*Exercise objective*.
The answer consists solely of the lines running from the one with "OXFORD, Miss. –" through the final line below, transcribed exactly and without any pictures.

*Data*.
---
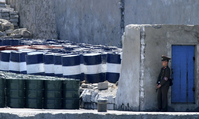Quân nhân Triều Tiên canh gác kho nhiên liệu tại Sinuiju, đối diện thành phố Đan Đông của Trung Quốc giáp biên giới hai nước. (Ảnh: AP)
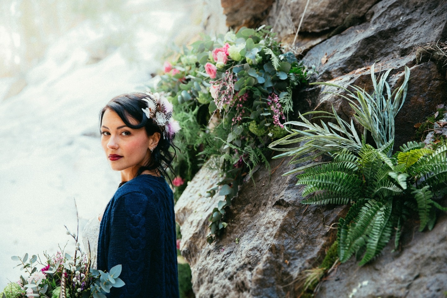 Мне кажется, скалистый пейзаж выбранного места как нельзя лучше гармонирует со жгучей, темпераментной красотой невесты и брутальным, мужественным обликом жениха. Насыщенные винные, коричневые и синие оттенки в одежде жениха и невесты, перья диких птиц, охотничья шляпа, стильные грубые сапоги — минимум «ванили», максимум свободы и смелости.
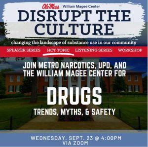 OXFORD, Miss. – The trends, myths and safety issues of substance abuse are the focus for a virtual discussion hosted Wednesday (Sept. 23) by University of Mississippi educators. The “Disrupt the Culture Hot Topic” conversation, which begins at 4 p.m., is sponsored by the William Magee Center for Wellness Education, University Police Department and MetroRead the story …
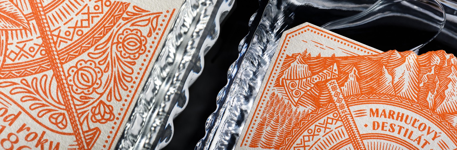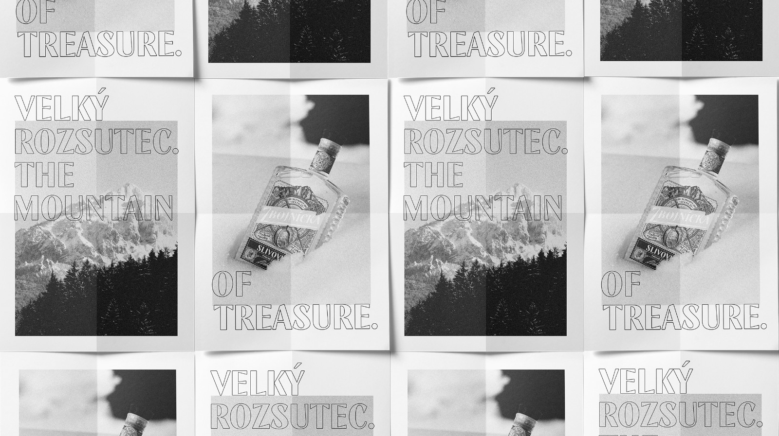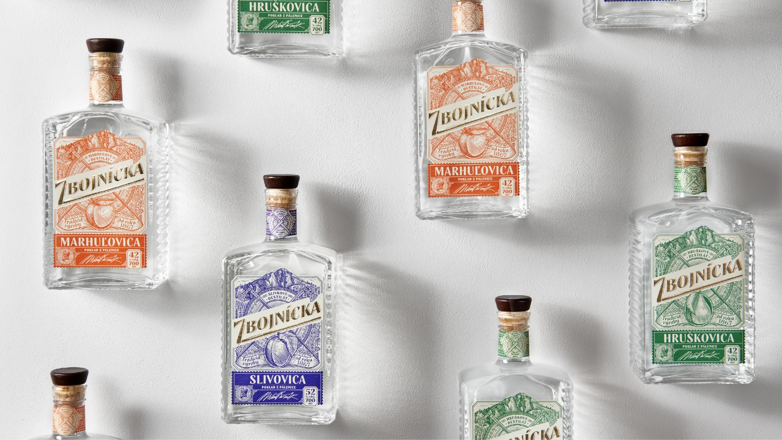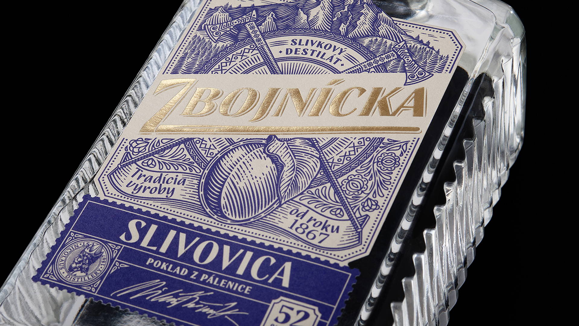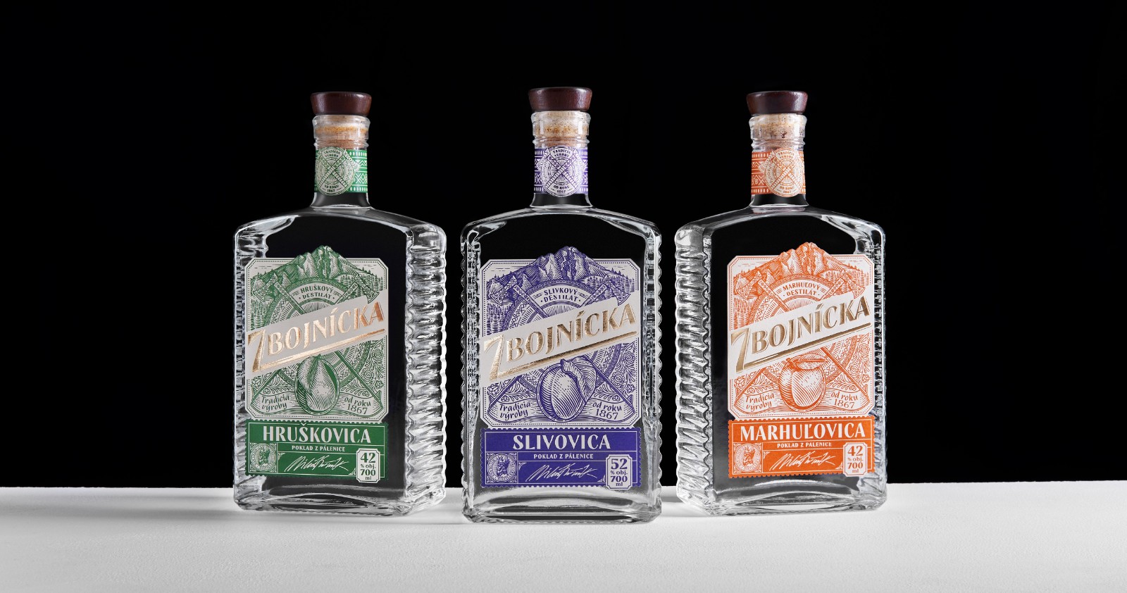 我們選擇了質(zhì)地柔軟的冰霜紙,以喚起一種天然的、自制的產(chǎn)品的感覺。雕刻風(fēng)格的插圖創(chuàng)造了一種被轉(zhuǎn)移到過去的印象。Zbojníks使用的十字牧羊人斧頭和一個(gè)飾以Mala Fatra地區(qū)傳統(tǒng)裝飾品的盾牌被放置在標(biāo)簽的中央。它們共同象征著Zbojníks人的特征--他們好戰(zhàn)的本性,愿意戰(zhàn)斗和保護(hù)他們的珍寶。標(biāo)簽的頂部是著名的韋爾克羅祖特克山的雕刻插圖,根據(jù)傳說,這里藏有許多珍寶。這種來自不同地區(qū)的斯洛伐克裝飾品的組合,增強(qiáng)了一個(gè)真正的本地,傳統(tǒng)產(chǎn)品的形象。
---
*Solution*.
 OXFORD, Miss. – The trends, myths and safety issues of substance abuse are the focus for a virtual discussion hosted Wednesday (Sept. 23) by University of Mississippi educators. The “Disrupt the Culture Hot Topic” conversation, which begins at 4 p.m., is sponsored by the William Magee Center for Wellness Education, University Police Department and MetroRead the story …
 我們選擇了質(zhì)地柔軟的冰霜紙,以喚起一種天然的、自制的產(chǎn)品的感覺。雕刻風(fēng)格的插圖創(chuàng)造了一種被轉(zhuǎn)移到過去的印象。Zbojníks使用的十字牧羊人斧頭和一個(gè)飾以Mala Fatra地區(qū)傳統(tǒng)裝飾品的盾牌被放置在標(biāo)簽的中央。它們共同象征著Zbojníks人的特征--他們好戰(zhàn)的本性,愿意戰(zhàn)斗和保護(hù)他們的珍寶。標(biāo)簽的頂部是著名的韋爾克羅祖特克山的雕刻插圖,根據(jù)傳說,這里藏有許多珍寶。這種來自不同地區(qū)的斯洛伐克裝飾品的組合,增強(qiáng)了一個(gè)真正的本地,傳統(tǒng)產(chǎn)品的形象。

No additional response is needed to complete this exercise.